Kanso Tech

Hardware is the physical part; it is that one that we can touch.That's is probably the simplest way to understand it, because it makes it simple to relate with the things around us. You should probably have a smartphone, a notebook, a tablet, or even had already see that blue cable (maybe other colors) in your company or in your home. But what is the importance of knowing hardware for cybersecurity? Sooner or later you will get yourself studying OSI Model. The initial troubleshooting will probably be related to checking if the computer is working, if the cable is connected or even if the computer is even turned on.

Maybe you could ask me what about the Cloud; if there is nothing physical anymore, there is not much sense on worring about it. But have you ever thought about what is the Cloud? The difference between On Premisse and the Cloud is on the location. You may probably never touch a cable or never see a router face to face, but the knowledge about what they are and how they work will certainly give you a clearer vision about how these things work, even you will only access them remotely, using a terminal.

Beyond these details, if you, just like me, have the curiosity of not just be a user, and get yourself in touch with programming languages, sooner or later you will need some hardware knowledge, even it is just to put your mind into computer's place, to think about the better way to write an algorithm and solve your problems.

The understanding of the physical part, beyond of helping you learn the whole communication path, will let you go deeper in so many areas. When we thing about cybersecurity, sometimes what go to our mind is somebody on a chair, typing commands on some software, but it is also possible to attach, and so to defend, the physical part. Theres is also a premise that there is no security it the attacker can get physical access.

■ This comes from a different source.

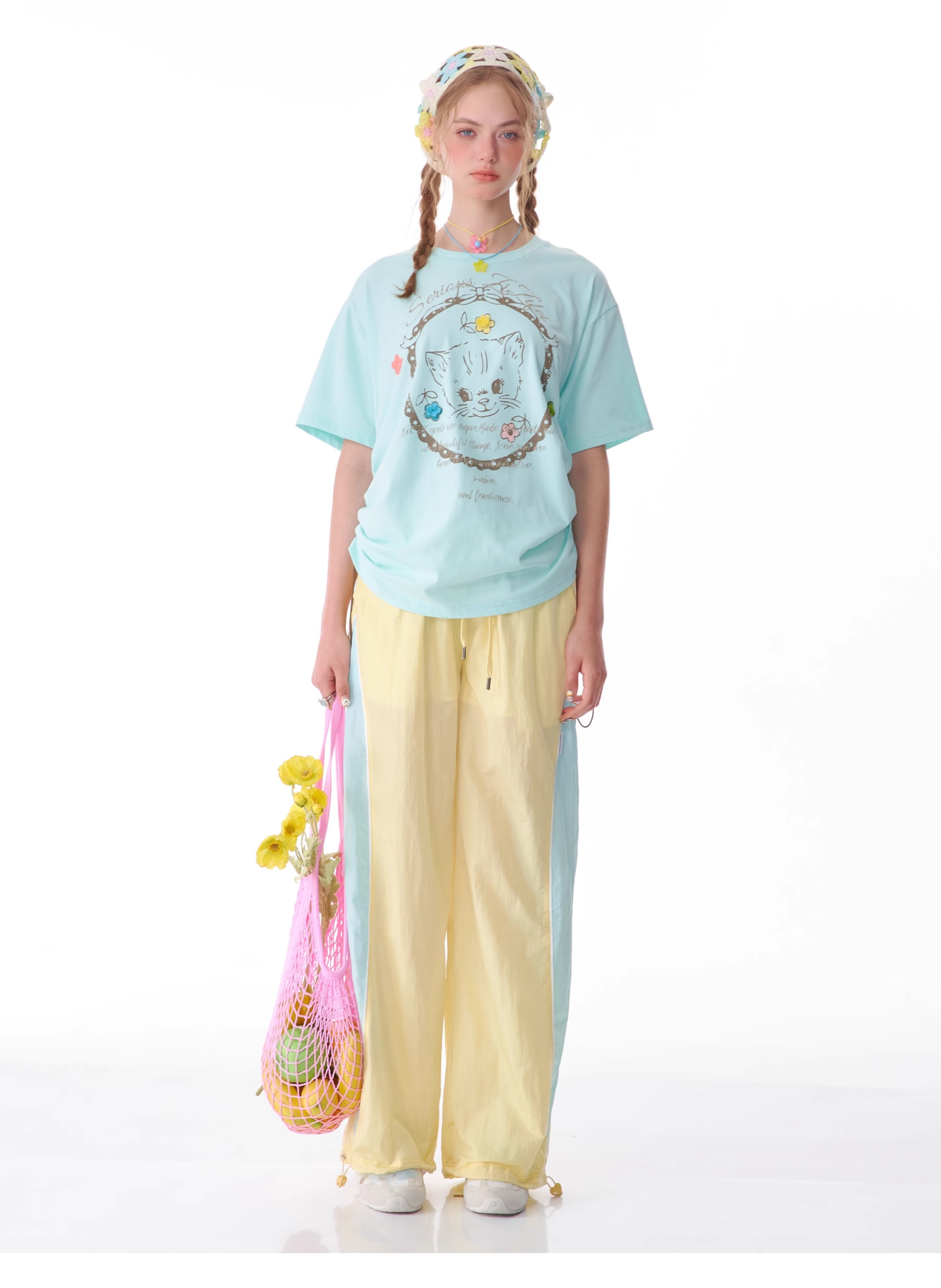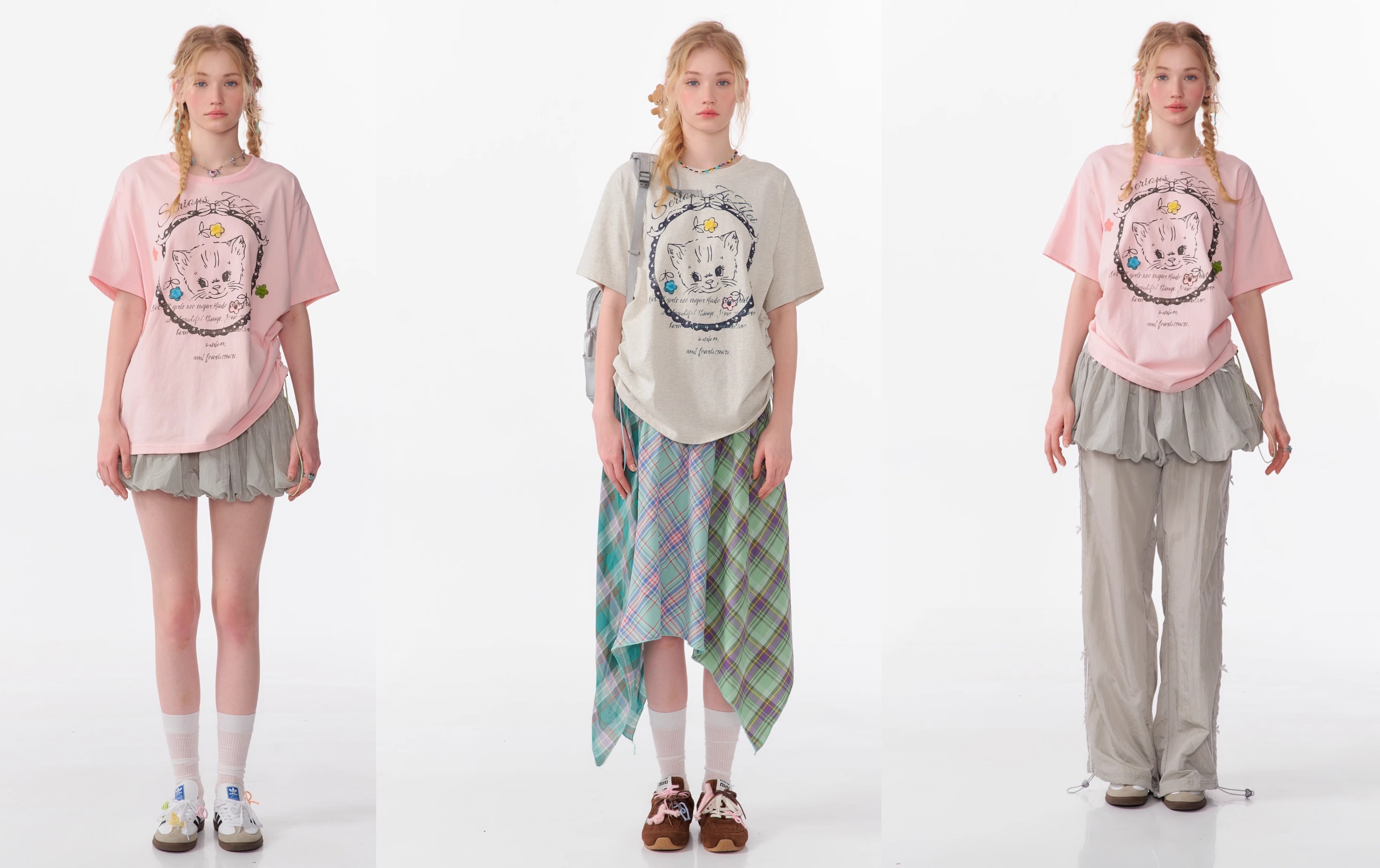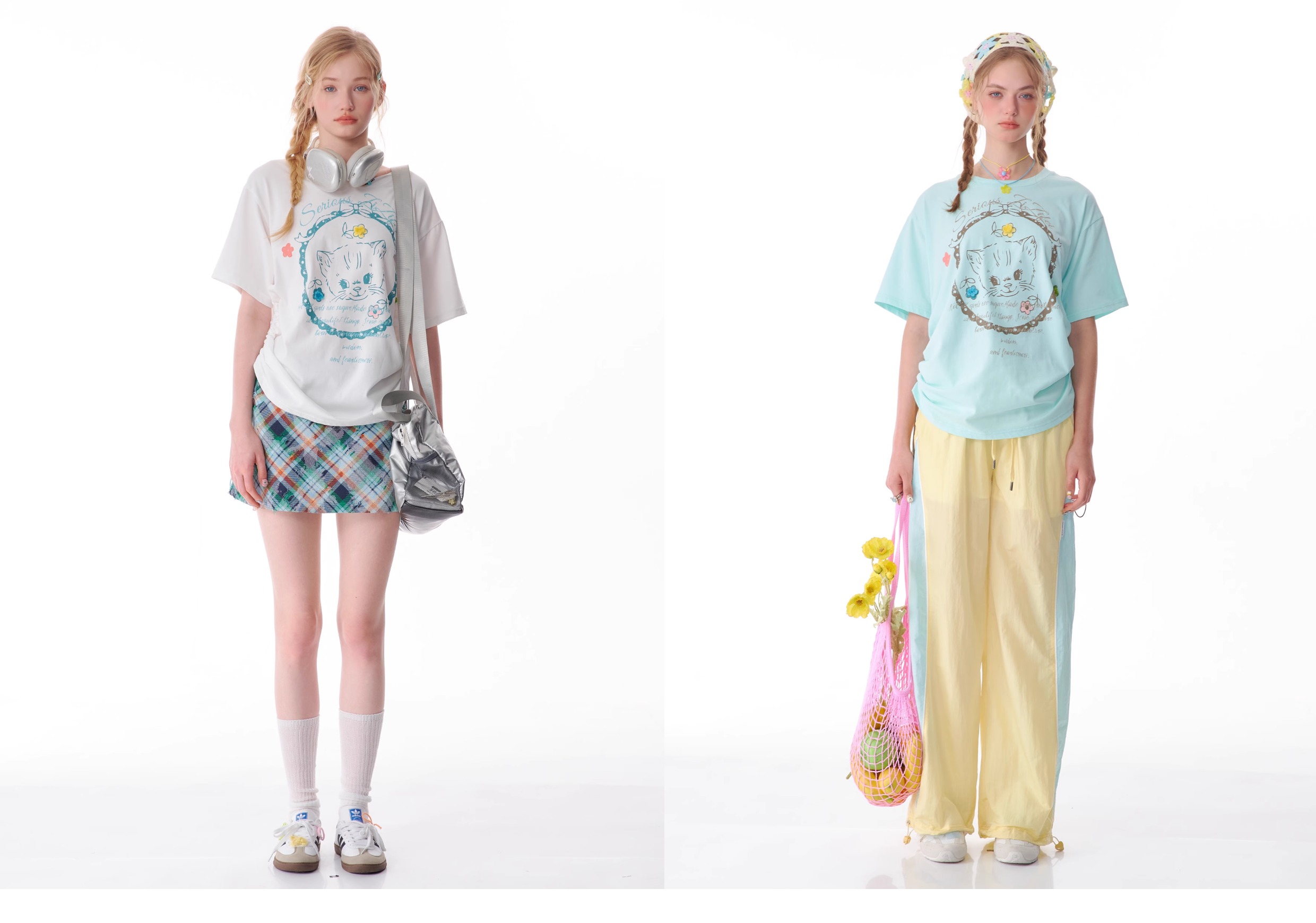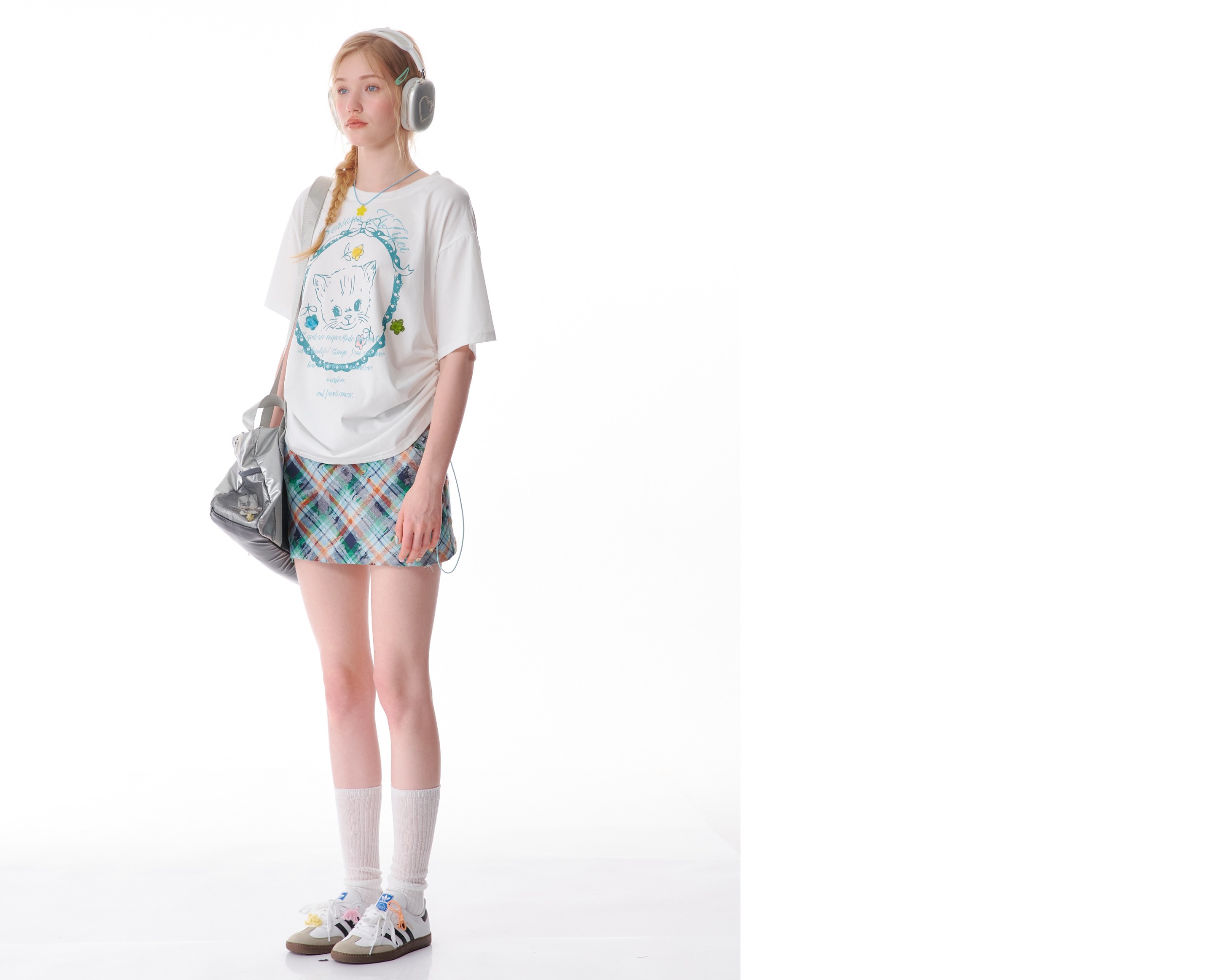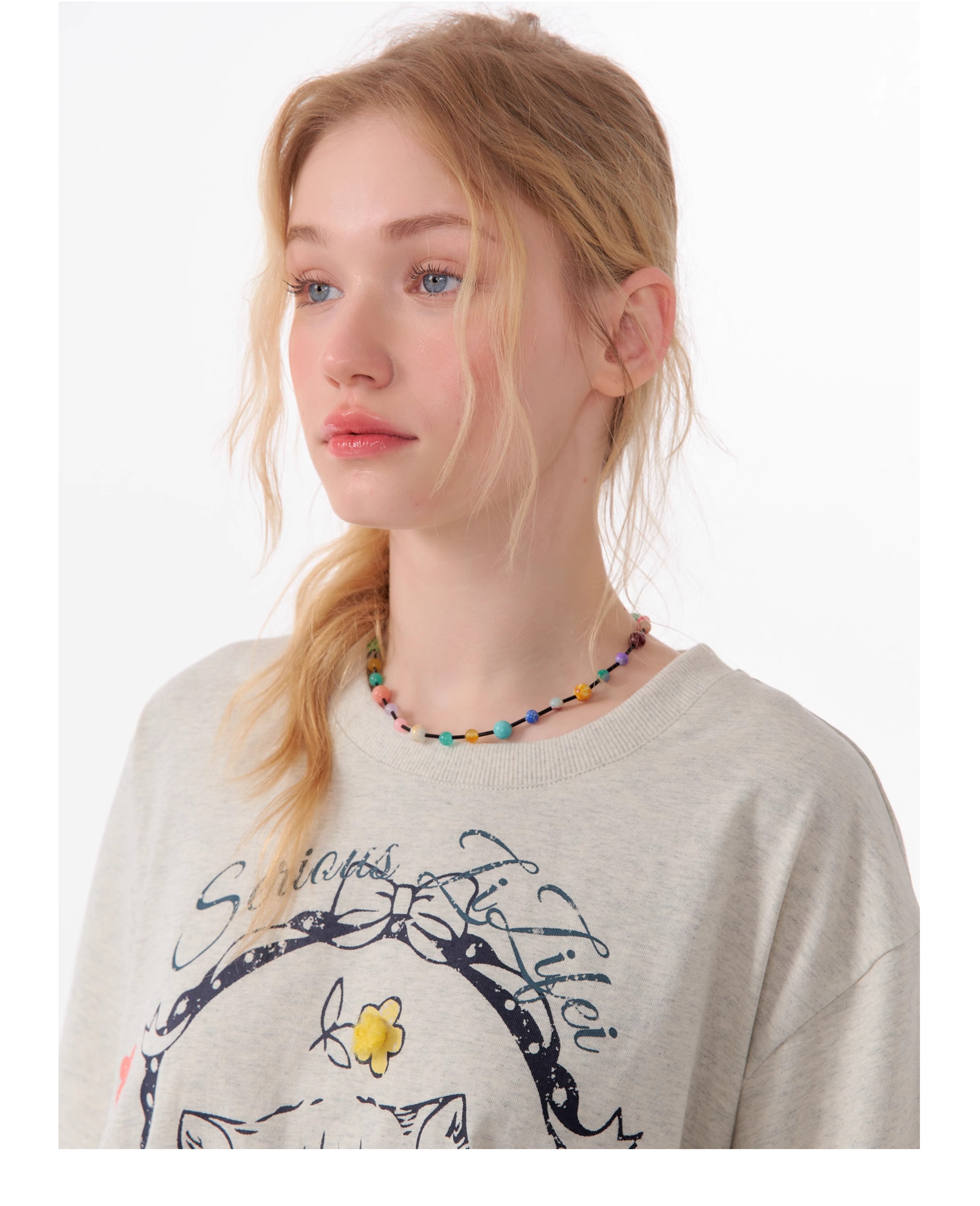 গ্রীষ্মের জন্য ক্যাট প্রিন্ট ঢিলেঢালা টি-শার্ট |

It is possible to get a console using a data communication port, be it serial or parallel, and even create a console port, making a jump on the board's router, getting a terminal access. This is also possible to hack a car, a computer and so many other devices. Or you could use the hardware in a simpler way, getting a SBC (Single Board Computer, like a Raspberry Pi), and using it hidden under a desk, with malicious intentions, as a rogue access point.

Speaking about computers, we could quote, as some basic components, the CPU, the memories (like RAM or hard drives) and input/output devices, like serial and parallel ports, the keyboard, network devices and even the little mouse. Routers, switches, servers and also your pocket smartphone, are all computers. Understand how they work will help you to search for points of failure, to attack and defend, in your path through cybersecurity.

Do you want to go back to the Cloud? Ok. One of the improvements on programming languages has been the concern about memory allocation, to avoid the so called buffer overflow attacks. If you never heard about it, in the simplest way to explain, is you put more data in a memory space that it was predicted by the programmer. You burst the predicted allocated space, getting access to other memory spaces, that could take you to getting a remote shell, for example. Is this a logical thing? Yes, but running on a physical device, physically connected to the network and other devices, changing information, possibly inside a public cloud.

I read a text, probably more than 20 years ago, that explained that the better professional to design a safe was the thief. The explanation is very simple: he is the only one that knows every possible way to break into it. Every possible ways: logical and physical.